Saturday, November 23, 2013

Typhoon death toll rises above 5,000

MANILA, Philippines

The death toll from one of the strongest typhoons on record has risen above 5,000 and is likely to climb further, although recovery efforts are beginning to take hold, Philippine officials said Friday.

Interior Secretary Mar Roxas said 4,919 people were killed on Leyte, Samar and nearby islands in the Eastern Visayas region. Civil defense chief Eduardo del Rosario said 290 others died in other parts of the central and southern Philippines.

The regions were battered two weeks ago by fierce winds and tsunami-like storm surges from Typhoon Haiyan, locally called Yolanda.

Progress reported in Iran nuke talks

GENEVA

Secretary of State John Kerry and foreign ministers of other major powers lent their weight to the Iran nuclear talks after envoys reported progress Friday in marathon negotiations to curb the Iranian program in return for limited sanctions relief.

After a third day of talks, State Department spokesperson Jen Psaki said Kerry was en route to Geneva to “help narrow the differences.” Russian Foreign Minister Sergey Lavrov arrived in Geneva late Friday.

British Foreign Secretary William Hague announced he also would travel to Geneva. A French diplomat, speaking on condition of anonymity because he was not authorized to release the information, said French Foreign Minister Laurent Fabius would join the others here.
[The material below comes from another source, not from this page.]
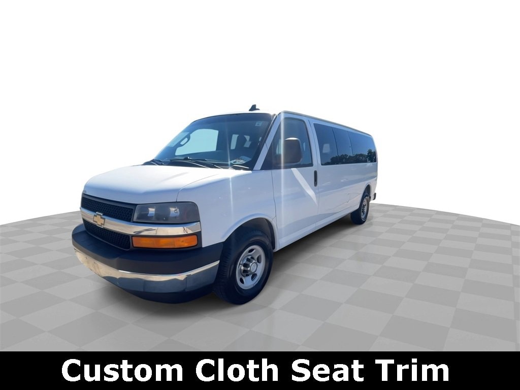 Certified. Odometer is 12940 miles below market average! Summit White 2017 Chevrolet Express 3500 LT Passenger RWD 6-Speed Automatic HD with Electronic Overdrive Vortec 4.8L V8 SFI 12-Passenger Seating (2-3-3-4 Seating Config), 150 Amp Alternator, 16 x 6.5 Steel Wheels, 2 Speakers, 3.42 Rear Axle Ratio, 3rd row seats: bench, 4-Wheel Disc Brakes, 4th-Row Bench Seat, ABS brakes, Air Conditioning, AM/FM radio, AM/FM Stereo w/MP3 Player, Bluetooth® For Phone, Bumpers: chrome, Chrome Appearance Package, Chrome Grille, Compass, Custom Cloth Seat Trim, Delay-off headlights, Deluxe Console w/Swing Out Storage Bin, Driver door bin, Driver vanity mirror, Driver's Seat Mounted Armrest, Dual Composite Halogen Headlamps, Dual front impact airbags, Dual front side impact airbags, Electronic Stability Control, Emergency communication system, Front & Rear Chrome Bumpers w/Step-Pad, Front anti-roll bar, Front Bucket Seats, Front reading lights, Front wheel independent suspension, Full-Floor Color-Keyed Carpeting, Fully automatic headlights, Illuminated entry, Inside Rearview Mirror w/Rr Vision Camera Display, Leather-Wrapped Steering Wheel, Low tire pressure warning, Occupant sensing airbag, Overhead airbag, Panic alarm, Passenger cancellable airbag, Passenger door bin, Passenger seat mounted armrest, Passenger vanity mirror, Power steering, Power windows, Preferred Equipment Group 1LT, Rear air conditioning, Rear reading lights, Rear Vision Camera, Reclining Front Bucket Seats w/Inboard Armrests, Remote Keyless Entry, Remote keyless entry, SiriusXM Satellite Radio, Speed control, Steering Wheel Mounted Audio Controls, Tachometer, Tilt steering wheel, Traction control, Trip computer, USB Port Audio System Feature, Variably intermittent wipers, Voltmeter, Wheel Trim w/Chrome Center Caps.GM Details:* Roadside Assistance* Limited Warranty: 12 Month/12,000 Mile (whichever comes first) from certified purchase date* Transferable Warranty* Warranty Deductible: $0* 24 months/24,000 miles (whichever comes first) Certified Pre-Owned Scheduled Maintenance Plan and 3 days/150 miles (whichever comes first) Vehicle Exchange Program. SiriusXM 3-month trial subscription.* Vehicle History* 172 Point Inspection* Powertrain Limited Warranty: 72 Month/100,000 Mile (whichever comes first) from original in-service dateChrome Appearance Package (Chrome Grille, Dual Composite Halogen Headlamps, and Front & Rear Chrome Bumpers w/Step-Pad), Preferred Equipment Group 1LT (150 Amp Alternator, Deluxe Console w/Swing Out Storage Bin, Full-Floor Color-Keyed Carpeting, Remote Keyless Entry, and Wheel Trim w/Chrome Center Caps), GM Certified, 12-Passenger Seating (2-3-3-4 Seating Config), 16 x 6.5 Steel Wheels, 2 Speakers, 3.42 Rear Axle Ratio, 3rd row seats: bench, 4-Wheel Disc Brakes, 4th-Row Bench Seat, ABS brakes, Air Conditioning, AM/FM radio, AM/FM Stereo w/MP3 Player, Bluetooth® For Phone, Bumpers: chrome, Compass, Custom Cloth Seat Trim, Delay-off headlights, Driver door bin, Driver vanity mirror, Driver's Seat Mounted Armrest, Dual front impact airbags, Dual front side impact airbags, Electronic Stability Control, Emergency communication system, Front anti-roll bar, Front Bucket Seats, Front reading lights, Front wheel independent suspension, Fully automatic headlights, Illuminated entry, Inside Rearview Mirror w/Rr Vision Camera Display, Leather-Wrapped Steering Wheel, Low tire pressure warning, Occupant sensing airbag, Overhead airbag, Panic alarm, Passenger cancellable airbag, Passenger door bin, Passenger seat mounted armrest, Passenger vanity mirror, Power steering, Power windows, Rear air conditioning, Rear reading lights, Rear Vision Camera, Reclining Front Bucket Seats w/Inboard Armrests, Remote keyless entry, SiriusXM Satellite Radio, Speed control, Steering Wheel Mounted Audio Controls, Tachometer, Tilt steering wheel, Traction control, Trip computer, USB Port Audio System Feature
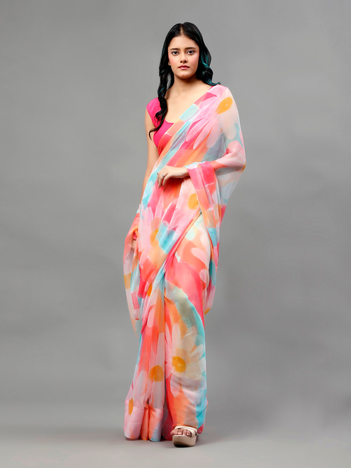 1️⃣ Pick Your Fabric (Chiffon, Georgette, Silk & more!)

Officials upbeat on health-site fixes

WASHINGTON

There won’t be a magic moment, but the Obama administration’s much-maligned health-insurance website should be able to weather an expected year-end crush of customers, officials asserted Friday.

A combination of software fixes, design changes, added hardware and newly announced wiggle room should provide the right combination to finally deliver a workable website, White House troubleshooter Jeffrey Zients said in an upbeat assessment.

N. Korea confirms American in custody

WASHINGTON

The State Department said Friday that North Korea acknowledges it is holding an American citizen but hasn’t granted diplomats consular access, so the person’s identity is not yet confirmed.

Expectation is that it will be Merrill Newman of California. The 85-year old Korean War veteran’s family says he was detained at the end of a tourist trip to North Korea last month.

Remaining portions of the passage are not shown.